[Extracted records]
━━━━
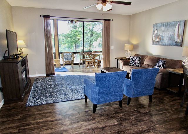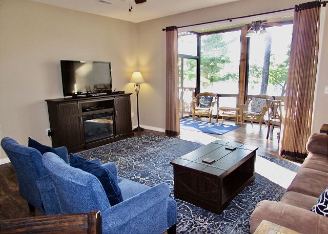 The guests of this 3 BR, 3 Bath condo located at Vickery Resort enjoy granite counter tops, washer, dryer, a full kitchen stocked with all the appliances and utensils needed to prepare a gourmet meal, large bedrooms, a master bedroom that looks out onto Table Rock Lake. The large 32-34' private deck overlooks a secluded cove on Table Rock Lake.
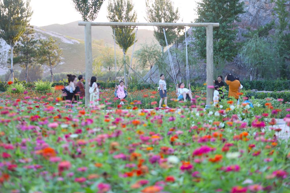 市民在由采石場(chǎng)修復(fù)治理和綠化建設(shè)而成的遼寧北票市山體公園休閑游玩(2024年8月8日攝)。新華社記者 楊青 攝
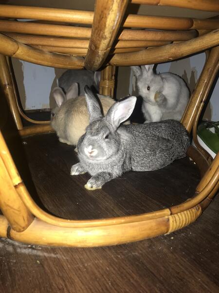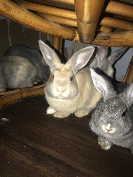 Bunnies for sale, mini Rex and Rex offspring, litter box trained, and amazing with kids.
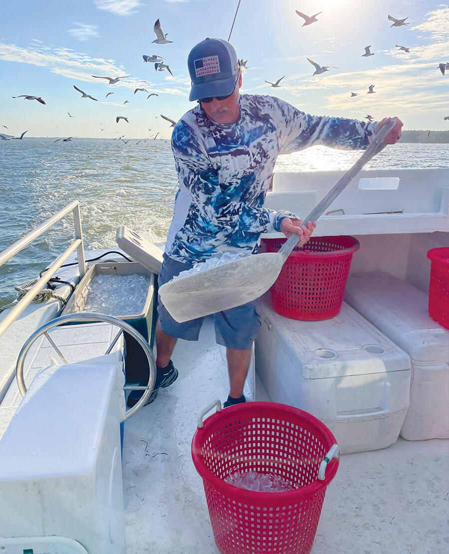 Before setting sail, Jarman fills the 10 coolers aboard Faith & Hope with a couple hundred pounds of ice. With any luck, he’ll send his passengers home with plenty of shrimp — and maybe some flounder and crabs, too. photograph by KAREN LANGLEY MARTIN
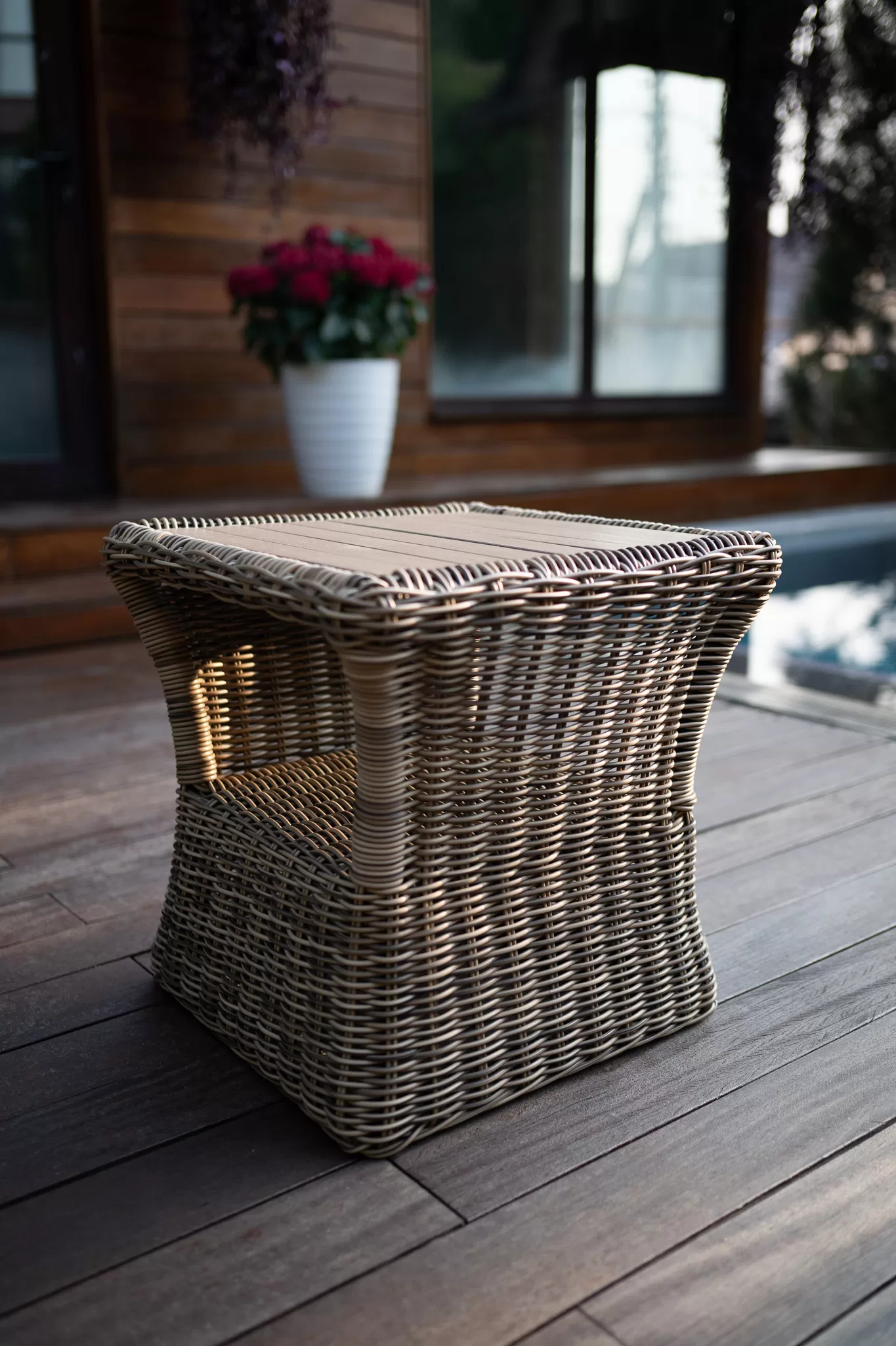 Столик Бордо прекрасно подходит для шезлонгов, на патио и в зону у бассейна. Сделан из качественного искусственного ротанга, внутри столика предусмотрена полочка для разных принадлежностей. Модель столика достаточно миниатюрная и впишется в любое пространство. Ухаживать за ним легко, просто протрите мокрой тряпочкой без средств.
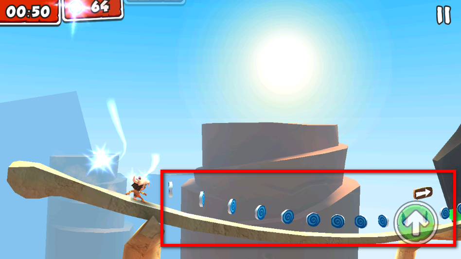 3、在長形通道移動時,收集沿途藍色螺旋道具,留意通道彎曲走向,控制角色穩定前進,盡量集齊出現的道具。
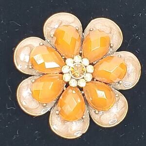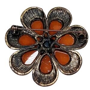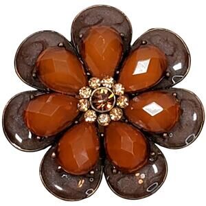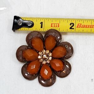Flower Enamel Glass Rhinestone Open Back 2" Unsigned Bloomcore Floral Brooch Pin
━━━━
- WHAT YOU SHOULD DO: In the data above, please extract the lines from the first one through the line with "Bunnies for sale, mini", exactly, and keep pictures out.

- EXERCISE SOLUTION:
 The guests of this 3 BR, 3 Bath condo located at Vickery Resort enjoy granite counter tops, washer, dryer, a full kitchen stocked with all the appliances and utensils needed to prepare a gourmet meal, large bedrooms, a master bedroom that looks out onto Table Rock Lake. The large 32-34' private deck overlooks a secluded cove on Table Rock Lake.
 市民在由采石場(chǎng)修復(fù)治理和綠化建設(shè)而成的遼寧北票市山體公園休閑游玩(2024年8月8日攝)。新華社記者 楊青 攝
 Bunnies for sale, mini Rex and Rex offspring, litter box trained, and amazing with kids.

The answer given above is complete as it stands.